If you want Swytch to replace Postgres as your system of record, the answer is: probably not yet, and probably not ever for most applications. Not because Swytch can’t do it, but because the ecosystem tradeoff isn’t worth it for workloads that don’t specifically need leaderless active-active writes with serializable guarantees.


The honest exception: you really do need what Swytch offers

There’s a subset of applications where Postgres or MySQL genuinely can’t serve the primary-database role:

  • A global SaaS where every region needs local-write latency and a single primary is architecturally disqualified.
  • A system where the read path needs to be local everywhere, and asynchronous read-replica lag isn’t acceptable for your correctness model.
  • A system with nodes that go offline for hours at a time (ships, oil platforms, edge devices, spacecraft) and still need to accept writes while disconnected.
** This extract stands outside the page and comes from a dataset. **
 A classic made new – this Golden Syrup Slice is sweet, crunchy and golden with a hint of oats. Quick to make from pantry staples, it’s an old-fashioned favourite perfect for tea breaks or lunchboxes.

For these, the tradeoff flips. The battle-scarred Postgres playbook is less useful than it sounds, because the specific failures you’d be hitting (“the single writer region became unreachable, what do we do”) are failures Postgres doesn’t have a good answer to either. Multi-region multi-master Postgres isn’t a solved problem. It’s barely a problem anyone has solved at all, outside of some very expensive enterprise setups with a lot of asterisks. There’s a reason Cloudflare built D1 as single-primary.
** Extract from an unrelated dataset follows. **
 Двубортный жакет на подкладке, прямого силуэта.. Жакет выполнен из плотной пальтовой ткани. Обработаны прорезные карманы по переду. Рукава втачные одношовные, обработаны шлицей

If this describes your workload (and be honest about whether it does), Swytch is a legitimate choice.


The short version

Postgres/MySQLSwytch
DeploymentStandalone server, primary + optional replicasStandalone binary, one or many nodes
NodesOne primary, N replicasOne or more, active-active
WritersOne primary at a timeEvery node, concurrently
Network needed?Yes, between server and clientsYes, between nodes and clients
Wire protocolPostgreSQL / MySQL wire (native)PostgreSQL wire (SQL mode) or Redis RESP (Redis mode), per binary
SQL dialectPostgres / MySQL (rich, mature)SQLite
ReplicationStreaming / logical, asynchronous by defaultSynchronous to interested nodes
Partition handlingPrimary wins, replicas halt or go staleFirst-class, holographic divergence
DurabilityDisk, WAL, replicationIn-memory across subscribed nodes by default; disk via Swytch Cloud
Write latency~milliseconds (local disk + fsync)~1 RTT to furthest subscriber
Read latency~microseconds (local) to ~ms (replica)~microseconds (local node)
Operational surfaceMature, well-understood, extensiveOne binary, one config
LicensePostgreSQL License / GPL (MySQL)AGPL (open source) + commercial

The one-paragraph summary

Postgres and MySQL are the right default for SQL-as-system-of-record workloads, and Swytch exists to solve problems that aren’t most applications’ problem. The battle-scarred playbooks these databases come with are worth more than most architectural diagrams will ever admit, and if you can serve your workload from a single Postgres or MySQL (with or without read replicas), that’s almost certainly the right call. Swytch earns its slot when you need leaderless, consensus-free, serializable replication — and the local reads, active-active writes, and graceful partition handling that fall out of that architecture. Even then, the reasonable pattern is to run Swytch alongside your existing Postgres or MySQL, not as a replacement. Your system of record stays boring and battle-tested. Swytch handles the specific problems it was built for.